No pueden, una vez que su particular criterio jurídico ha sido desvirtuado en dos instancias, acudir al excepcional mecanismo de la tutela para imponerlo, pretendiendo desconocer la naturaleza inmutable que ampara a las decisiones judiciales proferidas por los funcionarios accionados al adquirir firmeza. 5. De otro lado, no se advierte que las determinaciones adoptadas constituyan o configuren vías de hecho, pues no se presentan como resultado del capricho o la arbitrariedad de los funcionarios judiciales que las profirieron ni como decisiones carentes de motivación o inconsultas.
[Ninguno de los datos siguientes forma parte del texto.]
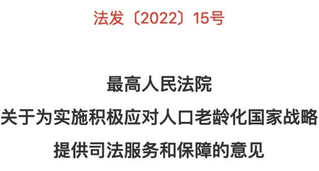 为全面贯彻落实《中共中央、国务院关于加强新时代老龄工作的意见》,深入贯彻积极应对人口老龄化国家战略,充分发挥审判职能作用,切实提升广大老年人的获得感、幸福感、安全感,现结合工作实际,就人民法院服务和保障实施积极应对人口老龄化国家战略提出如下意见。
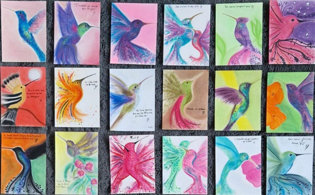Je dessinais ces colibris pour le plaisir, pour revenir dans l’instant et calmer mon mental… A présent, je les partage avec vous.
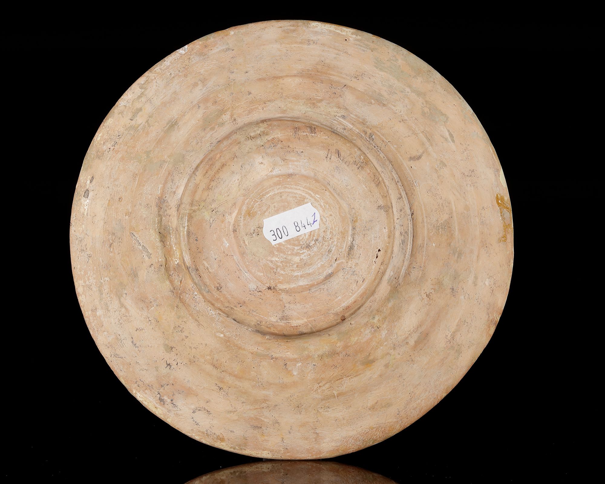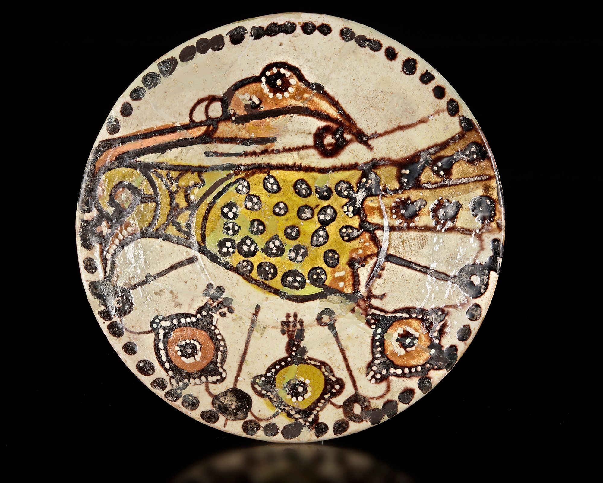 Of deep form, this earthenware bowl is coated with a white slip and decorated in black, red, and yellow staining slips beneath a transparent glaze. The interior features a large, stylized peacock with spotted wings stretching across the center of the vessel. The bird’s elongated neck and pointed beak extend toward the rim, while its body is filled with black circular spots over a yellow ground. Surrounding the central figure are radiating floral and geometric motifs rendered in black and red, each dotted with small white accents. A band of bold black circular markings lines the rim. Diameter: 20 cm.
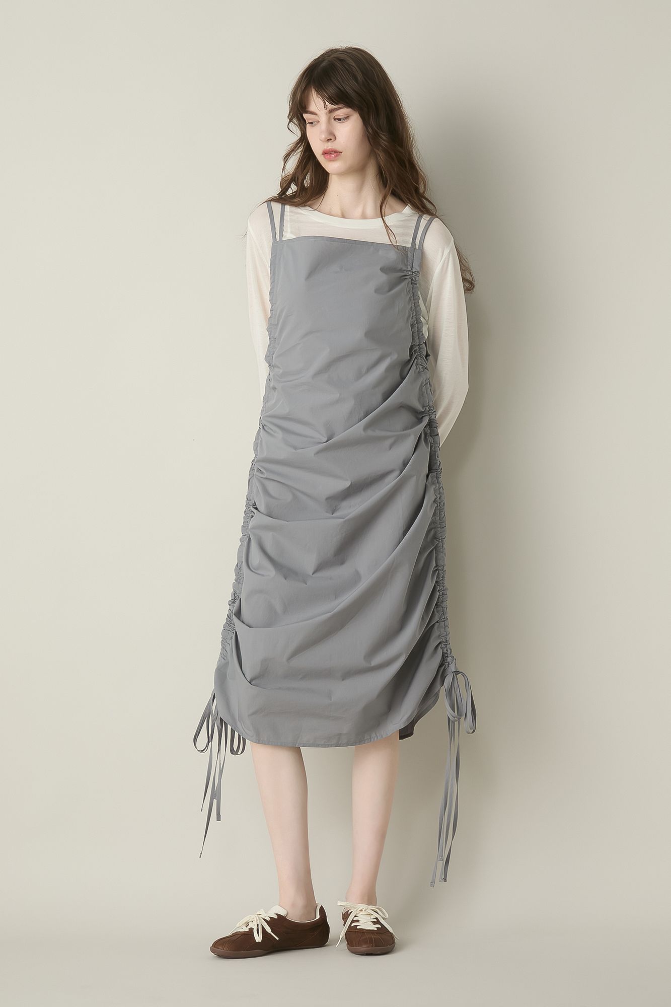 直線的なネックラインが新鮮な、ストラップドレス。ドローコードは垂らしたり、結んだりと視覚効果抜群!コードの調整で着丈バランスも一気に変化し、同シリーズのトップスやパンツともレイヤードしがいのあるアイテムです。

Todo lo contrario se encuentran fundamentadas en argumentos fácticos y jurídicos razonables. En efecto: el juzgado precisó que teniendo en cuenta que el Hospital Integrado San Antonio de Puente Nacional E.S.E., es una entidad o establecimiento público descentralizado del orden municipal, encargado de la prestación del servicio público de salud, para el embargo de sus bienes e ingresos debía tenerse en cuenta lo establecido en el artículo 684 del C. de P. C. y demás normas que establecían limitantes o excepciones a dicha medida cautelar.

A su turno, la Corporación que desató el recurso de apelación, con fundamento en un fallo del Consejo de Estado del 3 de septiembre de 1998, estableció que los bienes de la entidad demandada únicamente podían ser embargados hasta en una tercera parte de conformidad con lo establecido en la misma norma mencionada por el a quo, siempre que los recursos afectados no tuvieran destinación específica y no pertenecieran al régimen subsidiado de conformidad con lo previsto en la Ley 715 de 2001 y el artículo 8 del Decreto 050 de 2003.

En mérito de lo expuesto, la Corte suprema de Justicia, Sala de Casación Penal, administrando justicia en nombre de la República y por autoridad de la Ley, RESUELVE 1.- CONFIRMAR la decisión impugnada. 2.- Notificar de conformidad con el artículo 30 del Decreto 2591 de 1991. 3.- Remitir el proceso a la Corte Constitucional para su eventual revisión, una vez cobre ejecutoria la presente decisión.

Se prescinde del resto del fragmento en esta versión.